There are also focus functions that cannot be classified into the above categories. For example, Brázdilová et al. selected only areas of interest within an image and proposed further enhancements of existing methods [19]. Hamm et al. proposed a content-based focus searching method that uses a priori information on the observed objects by employing local object features and boosted learning [20]. Tsai et al. proposed a focus function that transforms the focus profile to the reciprocal domain [21]. Xu et al. proposed a focus detection criterion based on the phase contrast [22]. Ferraro et al. used an approximation of the Tamura coefficient to construct a focus function [23]. Gao et al. used the difference between the normalized amplitudes of red and green light [24].

Categorizing focus functions helps people understand how a focus function works.
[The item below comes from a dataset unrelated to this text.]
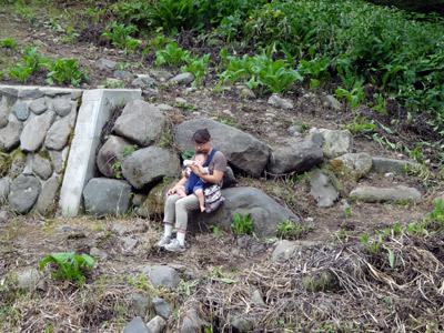 Sと釣りに出ようと、餌のミミズを探す。 歩いているウチに、再びお墓に来ていた。 |

In addition, focus functions in one category always have one or more parameters, which enable researchers to construct new focus functions by tuning the parameters on the basis of the known focus functions. E.g., Elozory et al. proposed an indicator function that signifies whether the current pixel location is high contrast, a function that uses the binary median filter, and a function that returns the thresholded absolute gradient contrast strength in both the horizontal and vertical direction for a given pixel location [25].

However, no study has presented a focus function that both summarizes many known focus functions and has flexible and adjustable parameters. In this paper, we summarize 13 known focus functions [5–13] to produce the focus function Λ, which has two flexible and adjustable parameters: a convex function, and an image enhancement filter. For any given convex function and image enhancement filter, Λ is a focus function.

The proposed focus function Λ was first discovered using the observation that many of the known focus functions consist of a convex function and an image enhancement filter, as shown in Eq. (1), despite their differences.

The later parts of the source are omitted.